Re: [PATCH v2 4/4] sched/fair: Prevent active LB from preempting higher sched classes

From: Valentin Schneider
Date: Fri Aug 30 2019 - 11:44:12 EST


On 29/08/2019 15:19, Vincent Guittot wrote:
[...]
>> Right, if we end up kicking the cpu_stopper this can still happen (since
>> we drop the lock). Thing is, you can't detect it on the cpu_stopper side,
>> since the currently running is obviously not going to be CFS (and it's
>> too late anyway, we already preempted whatever was running there). Though
>> I should probably change the name of the patch to reflect that it's not a
>> 100% cure.
>>
>> I tweaked the nr_running check of the cpu_stop callback in patch 3/4 to try
>> to bail out early, but AFAICT that's the best we can do without big changes
>> elsewhere.
>>
>> If we wanted to prevent those preemptions at all cost, I suppose we'd want
>
> I'm not sure that it's worth the effort and the complexity
>

My point exactly :)

[...]
>> I had this initially but convinced myself out of it: since we hold no
>> lock in need_active_balance(), the information we get on the current task
>> (and, arguably, on the h_nr_running) is too volatile to be of any use.
>
> But since the lock is released anyway, everything will always be too
> volatile in this case.

We do release the lock if we go kick the cpu_stopper, but can nevertheless
make a decision with the most up to date information. I'd say it's for
similar reasons that we check busiest->curr->cpus_ptr right before
kicking the cpu_stopper rather than in need_active_balance().

The majority of the checks in need_active_balance() (all but one) depend
on env/sd stats which aren't volatile.

>>
>> I do believe those checks have their place in active_load_balance()'s
>> critical section, as that's the most accurate we're going to get. On the
>> plus side, if we *do* detect the remote rq's current task isn't CFS, we
>> can run detach_one_task() locally, which is an improvement IMO.
>
> This add complexity in the code by adding another path to detach attach task(s).

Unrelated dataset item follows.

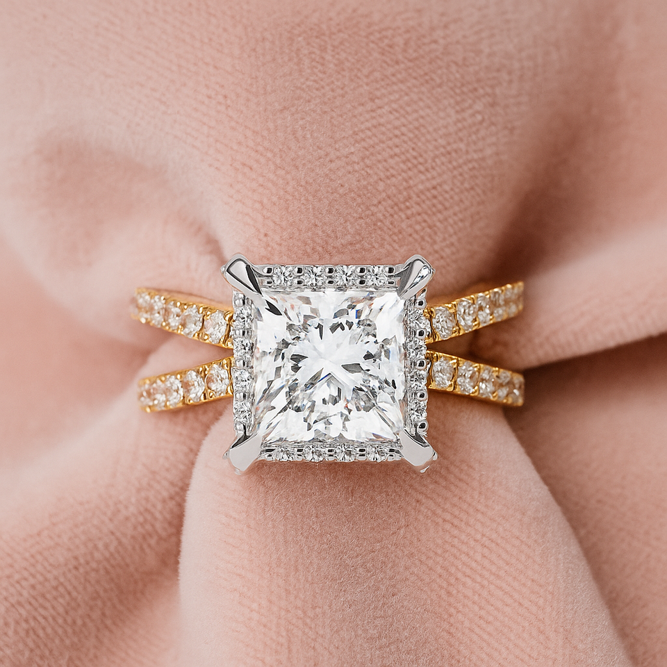 Poids du métal:5.00 - 7.68 Bague en moissanite taille princesse - Carat
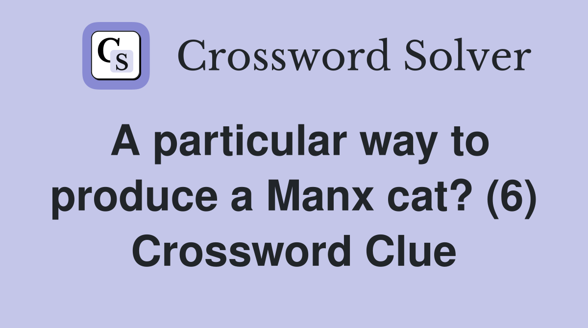 A particular way to produce a Manx cat? (6) Crossword Clue Answers

Note that it's not a new detach/attach per se, rather it's about doing it
in active_load_balance() rather than active_load_balance_cpu_stop() in some
cases.

> We could simply bail out and wait the next load balance (which is
> already the case sometime) or if you really want to detach a task jump
> back to more_balance
>

A simple bail-out is what I had in v1, but following Qais' comments I
figured I could add the detach_one_tasks().

Jumping back to more_balance is quite different than doing a detach_one_task().